The dtype object is a lie. When you see dtype: object, Pandas stores an array of 8-byte pointers, each pointing to a heap-allocated Python object. This prevents vectorized operations and forces row-by-row Python interpreter overhead.

Operations copy by default. Most Pandas operations return a new DataFrame. Chaining five transformations creates five intermediate copies. Even with copy-on-write (introduced in Pandas 2.0), many operations still materialize full copies because the optimization cannot apply universally.

# Each line creates a new DataFrame in memory
df = df[df["age"] > 18]                    # Copy 1
df = df.assign(domain=df["email"].str.split("@").str[1])  # Copy 2
df = df.drop(columns=["email"])            # Copy 3
df = df.sort_values("signup_date")         # Copy 4
df = df.reset_index(drop=True)             # Copy 5
# Peak memory: ~5x the size of the original DataFrame

The Single-Thread Problem

Measure it yourself:

import pandas as pd
import numpy as np
import time

# Generate a realistic dataset
n = 20_000_000
rng = np.random.default_rng(42)
df = pd.DataFrame({
    "customer_id": rng.integers(0, 500_000, n),
    "product_id": rng.integers(0, 10_000, n),
    "amount": rng.uniform(1.0, 500.0, n).round(2),
    "category": rng.choice(["electronics", "clothing", "food", "books", "home"], n),
})

start = time.perf_counter()
result = df.groupby("category").agg(
    total=("amount", "sum"),
    mean_amount=("amount", "mean"),
    unique_customers=("customer_id", "nunique"),
)
elapsed = time.perf_counter() - start
print(f"Pandas groupby: {elapsed:.2f}s")
# Typical result on 8-core machine: 4.2 seconds (1 core used)

While this runs, open a system monitor. You will see one core at 100% and seven cores idle.
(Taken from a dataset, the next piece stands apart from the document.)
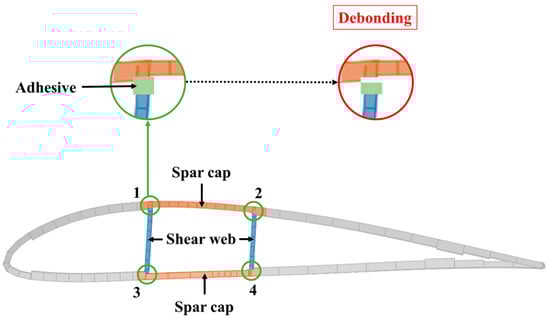Wind turbine blades generate electrical energy by using the lift and drag of passing wind to rotate a structure connected to a generator shaft. The blade is composed of upper and lower skins that receive the wind energy, and a spar cap-shear web that increase the load resistance of, and prevent damage to, the skin [,]. To address the resulting increase in the weight of the blade’s structure, wind turbine components are generally manufactured using glass- and/or carbon-fiber-reinforced composites with high specific strengths and stiffnesses [,]. When these composite structures are connected, mechanical bonding methods such as riveting or bolting may not only increase weight but also the stress concentration and resulting premature failure. Therefore, an adhesive-based bonding method is used to make the connections between these composite structures []. Unfortunately, adhesive-based joints have a high likelihood of developing debonding damage that separates the joints between members due to defects or unconsidered factors in the design and manufacturing process, potentially causing the catastrophic failure of the wind turbine [,]. In particular, the joint between the spar cap-shear web, which supports the entire load applied to the blade, is considered to be an early and dominant failure site that can lead to significant damage [,,]. It is therefore important to have a methodology to identify possible debonding damage in advance of premature failure at the joints between the blade spar cap-shear web.

You paid for an 8-core machine and Pandas uses 12.5% of it.

2.2 — Polars Fundamentals

Polars is a DataFrame library written in Rust, exposed to Python via PyO2. It was designed from scratch with three principles that directly address the Pandas failures above:

  1. Apache Arrow memory format — columnar, zero-copy, no Python object overhead
  2. Multi-threaded execution engine — automatic parallelism across all available cores
  3. Lazy evaluation with query optimization — predicate pushdown, projection pushdown, and join reordering

Install it:

uv add polars

Eager vs. Lazy: Two Modes, One Library

Polars offers both eager (DataFrame) and lazy (LazyFrame) execution. Eager mode behaves like Pandas — each operation executes immediately. Lazy mode builds a computation graph and optimizes it before execution.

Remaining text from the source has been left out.